What Is Your Net Worth?

My son is very into puzzles these days. 

But as a young child, he sometimes forgets the most basic step: dumping out the pieces.

He likes to look at the pretty picture on the front of the box, and he’ll get so excited that he jumps right into trying to fit pieces together. He’ll grab at them, willy-nilly–not even taking the time to get them all spread out and right-side-up.

“Buddy,” I stress. “It’ll be a lot easier if you can see all the pieces!”

That’s sometimes how people approach charitable giving and legacy planning. They have a general sense of the “picture” they’re trying to create–what’s on the box of the generic “legacy plan” they have in their head–but they don’t take a step back to understand the unique pieces they have to work with first.

That’s why one of the first things we cover in our personal legacy planning program is helping people estimate and understand their estate.

What is Your Net Worth?

At its most basic, your net worth is your total assets minus the debt you owe. When we work with someone to create a legacy plan, we take what we call an “estate snapshot”: a rough picture of where their total estate value falls right now. That number will definitely change throughout the remainder of their life–depending on their spending, health and longevity, market growth, and changes in income–but it helps to get a sense of the general size of someone’s estate. We figure out how big their box is, if you will.

Assets – Debt = Net Worth

If you want to go through the exercise for yourself right now, grab a sheet of paper and start making a list.

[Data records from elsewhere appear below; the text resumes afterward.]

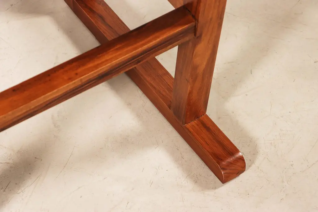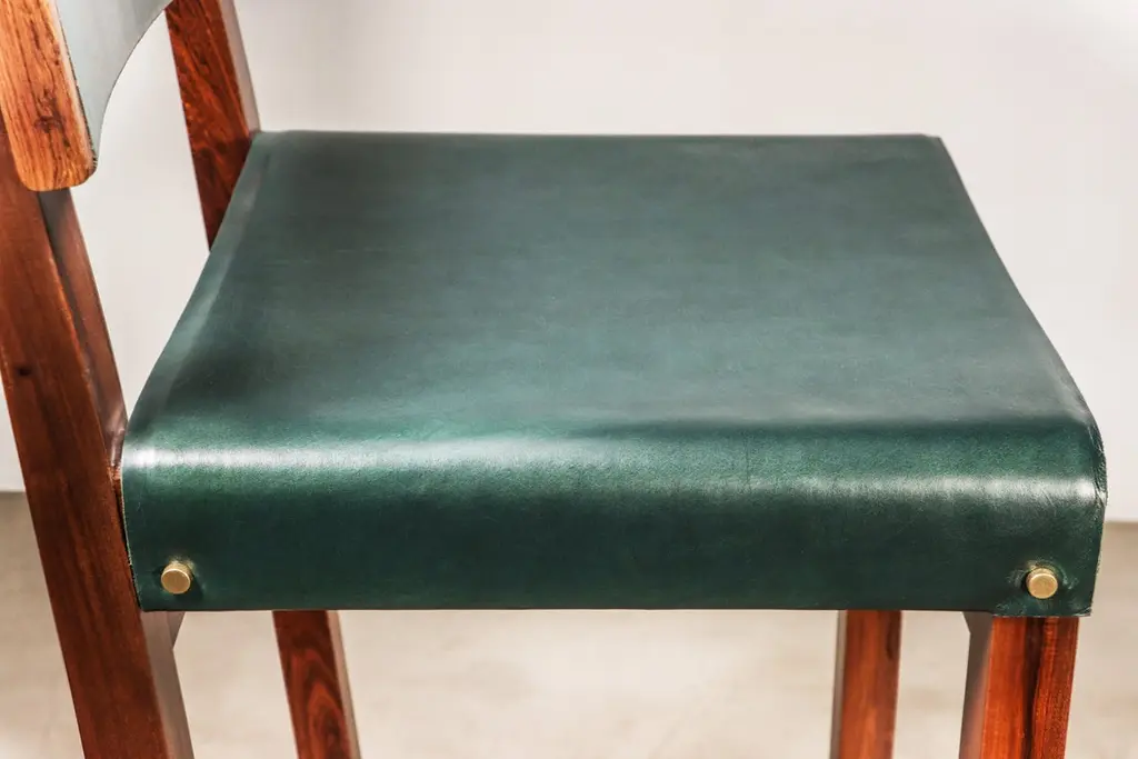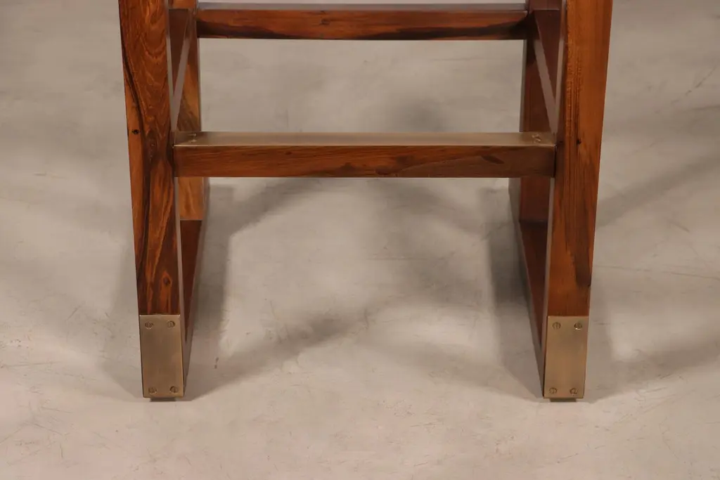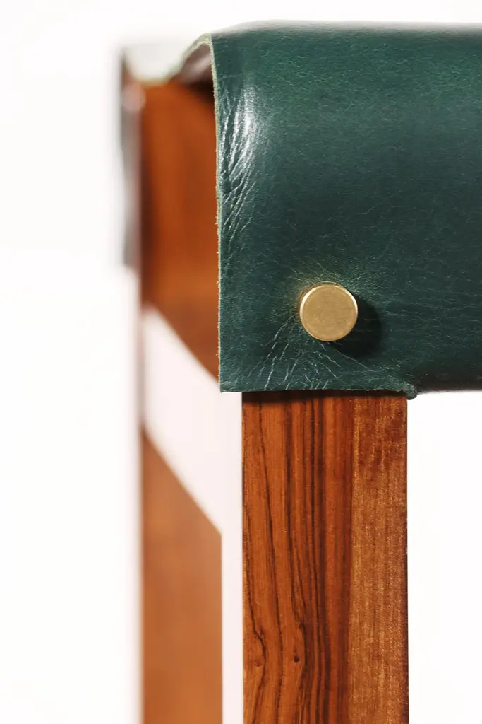 Costantini prides itself in using the hardest and most beautiful hardwoods in the construction of its line of seating. The Piero Stool features a solid Argentine Rosewood frame with a slung leather seat, a leather-wrapped wood back, and a burnished bronze footrest. Usually in stock and ready for quick-ship, and available in several standard leathers as well as COM/COL.Measures: 18” D 18.5” W 35” H 26” SH as shown in Argentine rosewood finish.
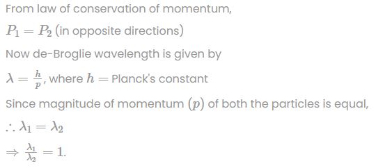 According to de Broglie's hypothesis, the momentum of the particle is inversely proportional to the wavelength of the particle. Use the law of conservation of momentum to relate the momentum of both particles using de Broglie's hypothesis.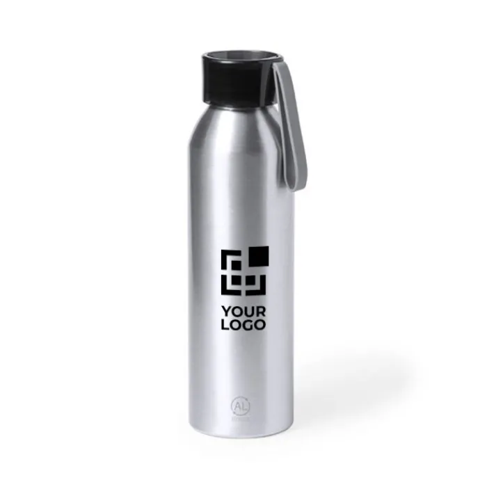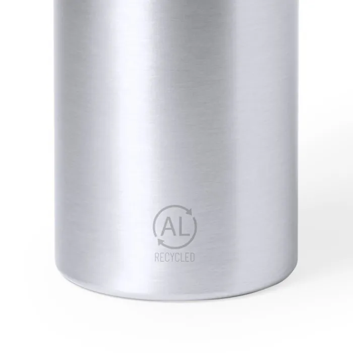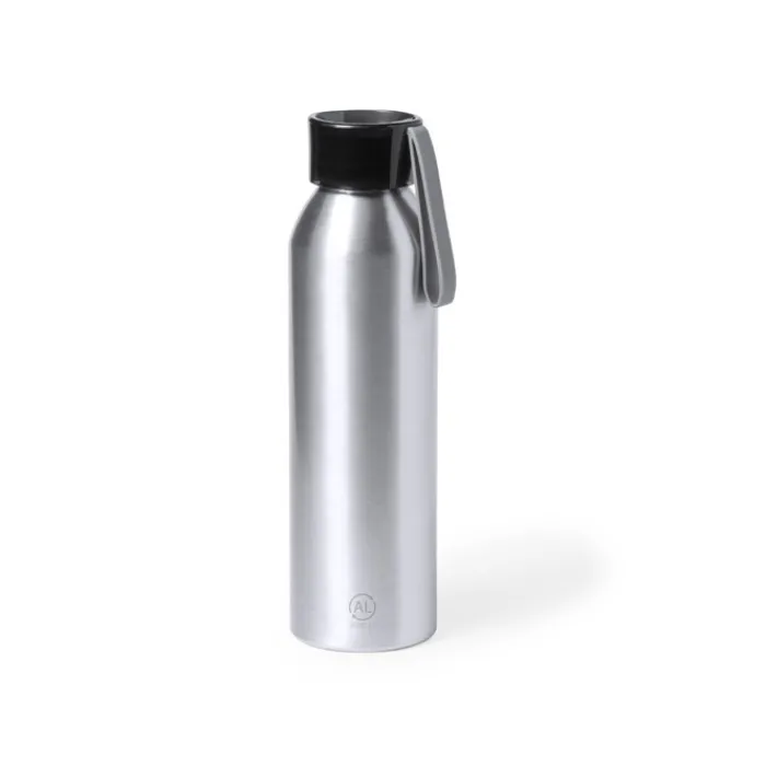 Borraccia da 650 ml, realizzata in alluminio riciclato. Finitura opaca, con tappo a vite e tracolla in silicone, senza BPA. Presentata in una scatola kraft individuale di design.

On one side, list out all your assets and their approximate values. Be sure to include:

  • Real estate
  • Cash/savings
  • Retirement & investment accounts
  • Life insurance
  • Vehicles
  • Business ownership
  • Stock
  • Jewelry
  • Antiques, collectibles, tools, instruments, and other items of value

On the other side, list out any debts you have. This would include things like:

  • Mortgage balance (include home equity line of credit, if applicable)
  • Personal loans and IOUs
  • Auto loans
  • School loans
  • Credit card debt

Take the total of your assets, minus the total of the liabilities, and you’ll have your approximate net worth. 

Will Your Estate Change Significantly?

Make a note of any items that are likely to change significantly down the road. 

  • Do you plan to downsize, sell, or buy property? 
  • Will you sell business ownership or stock? 
  • Do you have term life insurance that will lose its value after you hit a certain age? 
  • Do you anticipate inheriting money from a loved one down the road? 
  • If you need long-term care, what costs will that incur? Do you have long-term care insurance to cover those costs?

These events may be good to keep in mind, because they will change your estate value–and may also change your federal and/or state tax status. These events could also provide great opportunities to make strategic charitable or family gifting decisions that lessen the tax that could be triggered at those times. 

Getting these things on paper is an essential step toward understanding your estate and planning for what will happen to your unique assets down the road.